Report says Chesapeake Bay could be cleaned faster, cheaper

May 2004

U.S. Water News Online

RICHMOND, Va. -- By tapping into unused waste-treatment capacities, Virginia could clean the Chesapeake Bay for less than half the $1.2 billion it had estimated it would cost to rid the bay of pollution by 2010, according to a report.

The Chesapeake Bay Foundation said a report from an expert in nutrient removal technologies at Virginia Tech provides a plan for meeting the deadline and shows that state and industry officials have inflated cleanup costs.

Clifford W. Randall's study, paid for by the CBF, said "fairly minor upgrades'' and creative funding such as a "flush tax'' similar to one enacted in Maryland could lead to cheaper and faster means of cutting the amount of nutrients released at Virginia's sewage-treatment plants, the source of about one-third of the state's pollution to waterways.

In April, the Virginia Department of Natural Resources said bay funding had not yet been provided by the General Assembly.

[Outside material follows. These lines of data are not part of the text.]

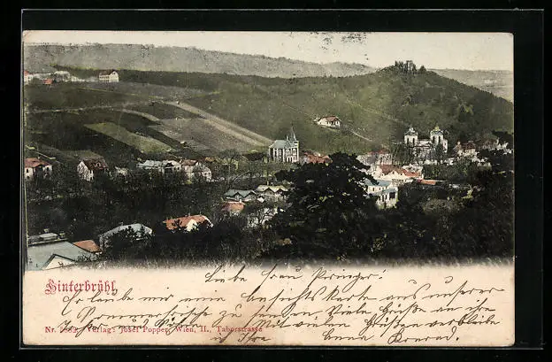AK Hinterbrühl, Ortsansicht mit Feldern
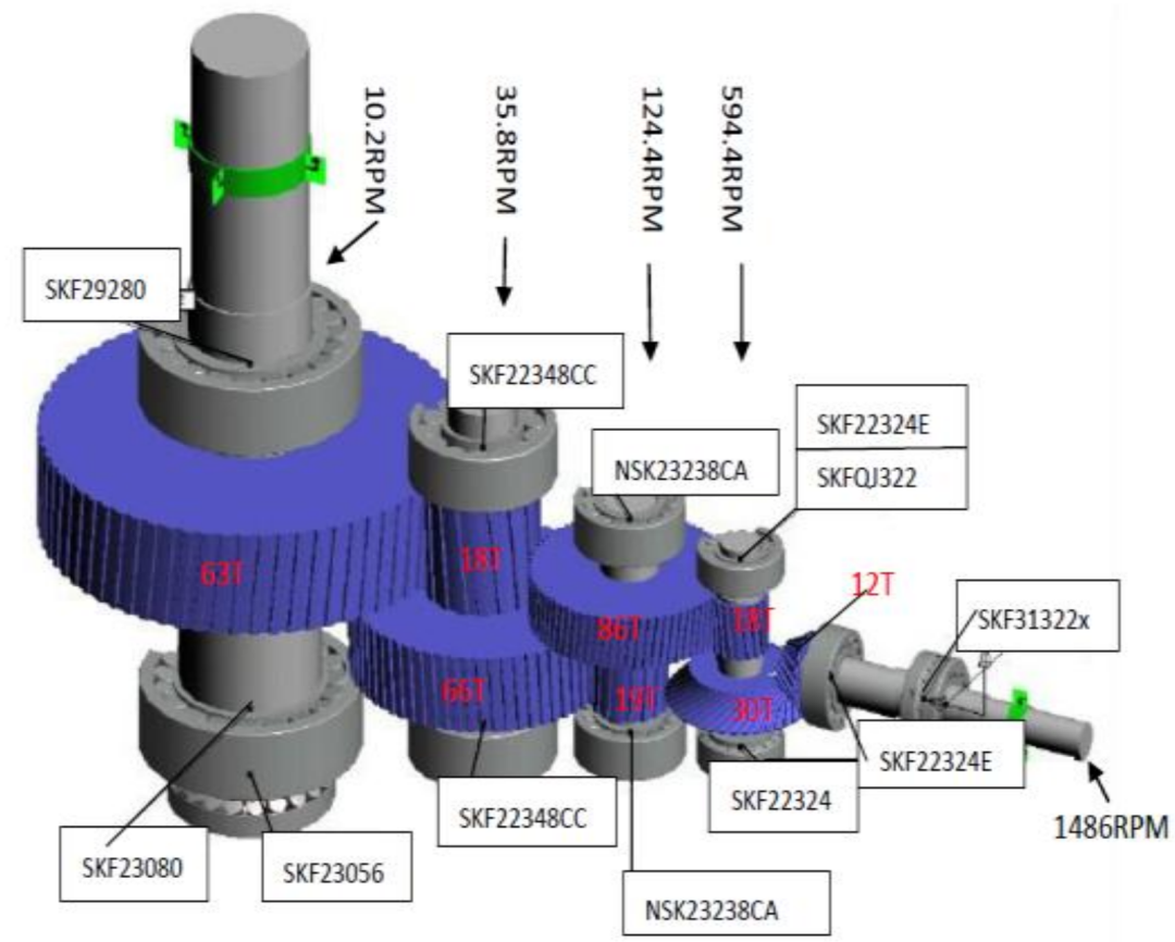 低速重載齒輪箱通常齒輪級數(shù)多、軸承多,運行過程中可能會產(chǎn)生各級齒輪嚙合頻率、各軸承故障特征頻率、各轉(zhuǎn)軸的轉(zhuǎn)動頻率等等,頻率成分較復雜,而在這些頻率中,高速軸齒輪缺陷嚙合產(chǎn)生的沖擊能量通常較大,產(chǎn)生的幅值較大的振動;而低速軸軸承、齒輪缺陷產(chǎn)生的沖擊能量往往較小,產(chǎn)生幅值較小的振動,這就往往容易被忽視而造成漏判。
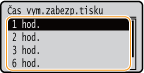 Vyberte možnost <Čas vym.zabezp.tisku> a stiskněte tlačítko
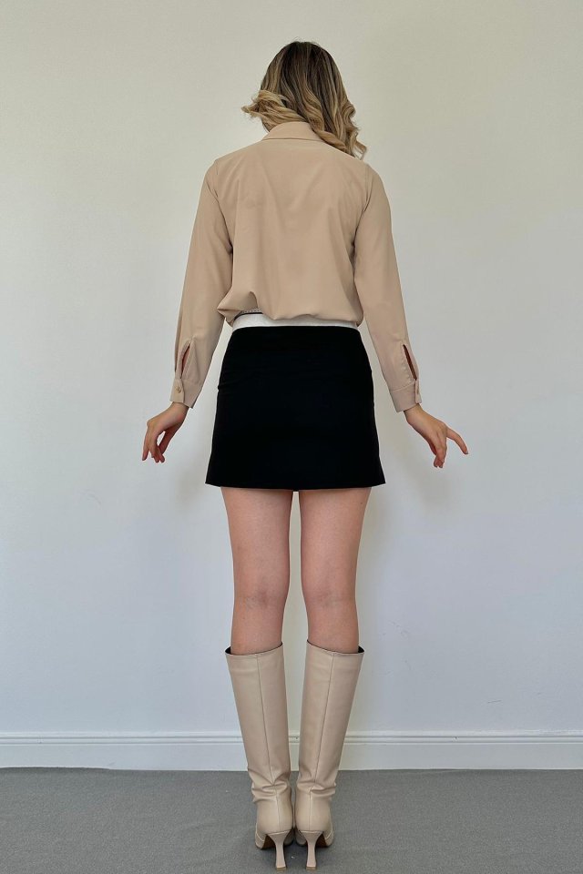 Bej Jesica Volanlı Taş Düğme Detaylı Gömlek

Environmentalists said the state was backing away from addressing a 2000 agreement among five states and the District of Columbia to reduce sediments and nutrients that drain into the bay, encouraging aquatic plant growth and choking sea life. Last year, a dead zone of about 250 square miles was found in the bay, created by low oxygen that killed aquatic life.

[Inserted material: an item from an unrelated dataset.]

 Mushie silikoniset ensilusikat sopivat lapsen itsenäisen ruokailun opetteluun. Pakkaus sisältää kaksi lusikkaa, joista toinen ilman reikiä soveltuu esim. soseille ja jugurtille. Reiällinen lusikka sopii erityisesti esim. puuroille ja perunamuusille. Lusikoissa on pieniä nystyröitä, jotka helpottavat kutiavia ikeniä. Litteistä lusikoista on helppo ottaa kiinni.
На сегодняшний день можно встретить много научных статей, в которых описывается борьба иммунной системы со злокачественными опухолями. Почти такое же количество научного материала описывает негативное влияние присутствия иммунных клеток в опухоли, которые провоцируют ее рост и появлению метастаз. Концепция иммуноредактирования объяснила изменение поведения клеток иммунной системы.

"We're all part of the problem. We all need to be part of the solution,'' said Roy A. Hoagland, the foundation's executive director. "For less than the cost of a weekly lottery ticket per household, we can clean up Virginia's sewage-treatment plants.''

The Maryland legislature enacted a bill this year imposing fees of $2.50 monthly fee on sewer bills and $30 annually for owners of septic systems to establish the Atlantic Coastal Bays Restoration Fund.

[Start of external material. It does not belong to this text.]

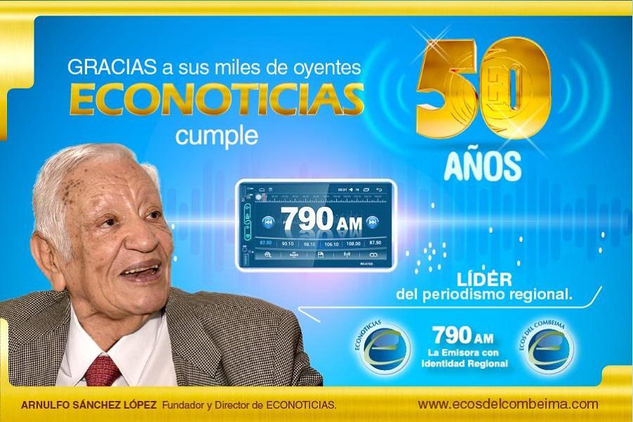 El próximo martes 1 de septiembre Econoticias cumple 50 años al servicio de la comunidad y para celebrarlos la Emisora con Identidad Regional, ahora más nacional, tendrá un día de programación especial, por lo cual buscamos que nuestros oyentes y seguidores sean partícipes. (Econoticias cumple 50 años trabajando por una ciudad más productiva e innovadora).
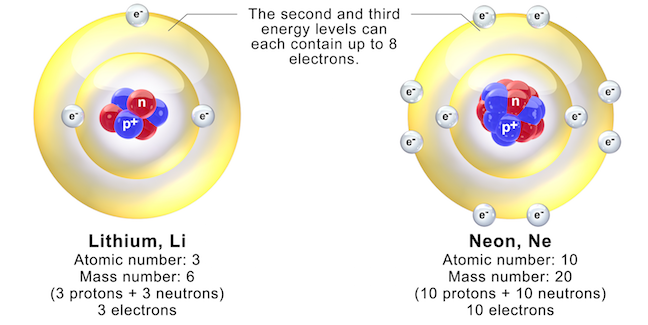 The outermost electrons determine how atoms can be bonded together. Elements with a full outer shell (e.g., neon, Figure below, to the right) are inert because they do not react with other elements to form compounds. These are the noble gases (including helium, argon, krypton, and radon, in addition to neon) in the far-right column of the periodic table. For elements that do not have a full outer shell (e.g., lithium, Figure below, on the left), the outermost electrons can interact with the outermost electrons of nearby atoms to create chemical bonds.

CBF's top priority in the 2005 Virginia General Assembly session will be to create a fee similar to Maryland's flush tax.

According to Randall, tapping into a sewage plant's excess treatment capacity would allow the facilities to use nearly 40 percent of the plant that's currently out of service. The upgrade, he said, would cost $120 million. That's about the same figure the state has purportedly spent over seven years through the Virginia Water Quality Improvement Fund that has already been made available to plants statewide for seven years.

Because most plants are purposely over-designed, made larger in case of future population surges, this strategy would see immediate results because only about 60 percent is ever used, Randall said. It's also the chief reason why industry officials -- fearing the plant would be unprepared for a population upswing -- oppose such a tactic.

Incentives such as a user tax would be necessary, Randall said. In that scenario, the tax would accumulate into a special fund guaranteeing future plant modifications.

Another example is that treatment plants have historically overestimated the costs and time it would take to implement nutrient-removal technology.

Such was the case in New York, where the courts mandated that the city reduce the amounts of nitrogen discharged, affecting 11 treatment plants.

Initial costs had put the project at $14.2 billion, which had assumed each plant would need to process its own sludge. Instead, officials decided to centralize the sludge's process and treatment. That move alone, Randall said, made the actual cost $1.4 billion. Using other technology, the city further reduced the expense by 96%.

Randall said such a tactic could work in Virginia, where Hampton Roads, Richmond, Washington D.C., and other areas with nearby plants could be centralized.

Present at the media briefing was W. Tayloe Murphy Jr., state secretary of Natural Resources. Last month, Murphy told state workers that Virginia -- or, namely his agency -- was committed to keeping its commitments to the Chesapeake 2000 agreement.

"We must either pursue their implementation aggressively, or admit up front that we have no intention of meeting them,'' he said.

Critics, however, were immediately critical of the plan, which they said does not explain how the improvements would be financed or enforced.